Selama acara bersih‑bersih pantai, Olavina mengingatkan bahwa masalah lingkungan juga berdampak pada perekonomian. Menurut hasil kajian KKP, sampah laut dapat menekan pendapatan nelayan hingga 30% akibat terganggunya aktivitas melaut. “Karena kami bergerak di ekonomi digital, kami juga melihat bagaimana ekonomi bakal terdampak kalau lingkungannya rusak. Dari hasil penelitian KKP, sampah membuat pendapatan nelayan bisa berkurang sampai 30%. Kalau penghasilannya berkurang, mereka tidak bisa belanja, ekonomi digital juga terpengaruh,” ujarnya.

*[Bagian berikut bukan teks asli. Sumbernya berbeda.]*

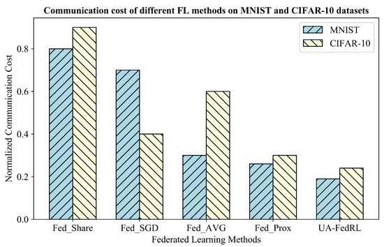 The results represent the variation in efficiency among FL methods to reduce communication costs. UA-FedRL emerged as the most communication-efficient method for both datasets, demonstrating costs of 0.19 and 0.24 for MNIST and CIFAR-10, respectively. On the other hand, Fed_Share exhibited the highest communication costs for both datasets, peaking particularly for CIFAR-10 with a cost of 0.9. Therefore, the chart highlights the critical role of selecting the appropriate FL method for optimizing communication costs in heterogeneous industrial IoT scenarios.
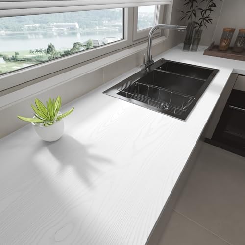 Yenhome Contact Paper Wood Grain Contact Paper Peel and Stick 24 Inch Wide X118 White Wood Vinyl Wrap for Furniture Kitchen Cabinet Vinyl Wrap Wood Wallpaper for Countertop Cover Waterproof
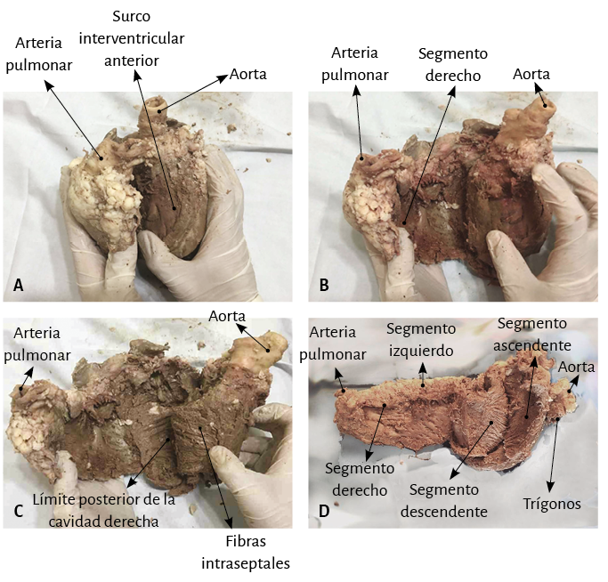 La prosecución en la disección del miocardio implica encontrarse con toda la extensión del segmento derecho, el inicio del segmento izquierdo, y en el límite posterior de la cavidad ventricular derecha, con el ángulo diedro constituido por el septum interventricular y la pared libre del ventrículo derecho (segmento derecho) (figuras 24 A y B). El próximo paso (el más delicado) consiste en posicionarse en el ángulo diedro mencionado anteriormente, entre las fibras del ventrículo derecho y las intraseptales. Esta separación del ventrículo derecho permite ingresar en la parte ventral del tabique (figura 24 C). Luego se diseca la parte dorsal del tabique entre la banda septal posterior (ventrículo derecho) y el segmento descendente para desmontar y separar la aorta.
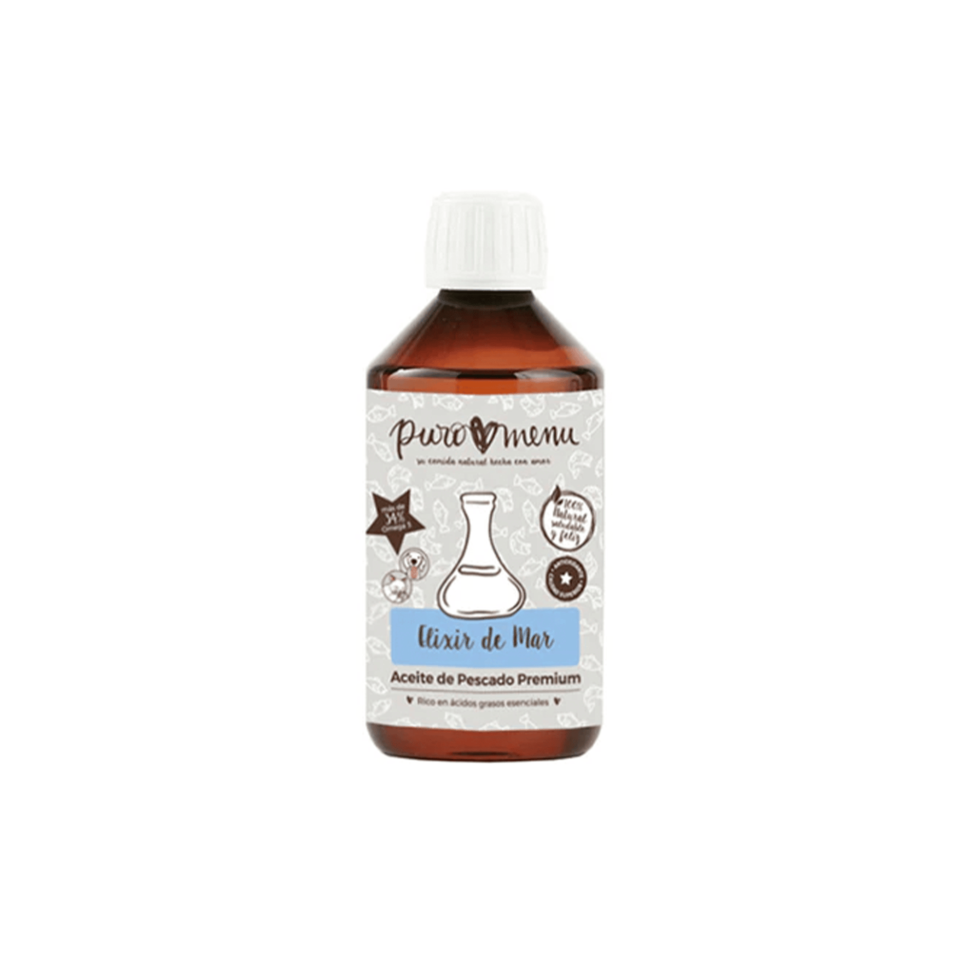 La suplementación con nuestro Elixir de Mar, un aceite de pescado de alta calidad, es recomendable en cualquier dieta, sea pienso, comida cocida o dieta natural en crudo. Aporta ácidos grasos Omega 3 esenciales para tu perro o gato, entre ellos los EPA y DHA, y ayuda a balancear la relación Omega 3 / Omega 6

Selain mengkampanyekan pelestarian laut, DANA juga terus mendorong pemberdayaan pelaku usaha mikro, kecil, dan menengah (UMKM) perempuan melalui program SisBerdaya. Program ini kini memasuki tahun keempat dan memberikan pendampingan kepada UMKM perempuan, termasuk penyandang disabilitas, melalui pelatihan, mentoring, business matching, hingga kompetisi yang memberikan bantuan modal usaha bagi para pemenang.
“Ekonomi digital di Indonesia tidak bisa dilepaskan dari UMKM. Kontribusi UMKM lebih dari 60% terhadap PDB, dan lebih dari 60% UMKM dikelola oleh perempuan. Tapi perempuan kadang masih kesulitan mendapatkan akses, baik akses kredit, pemberdayaan, maupun pelatihan. Karena itu kami menghadirkan SisBerdaya,” kata Olavina.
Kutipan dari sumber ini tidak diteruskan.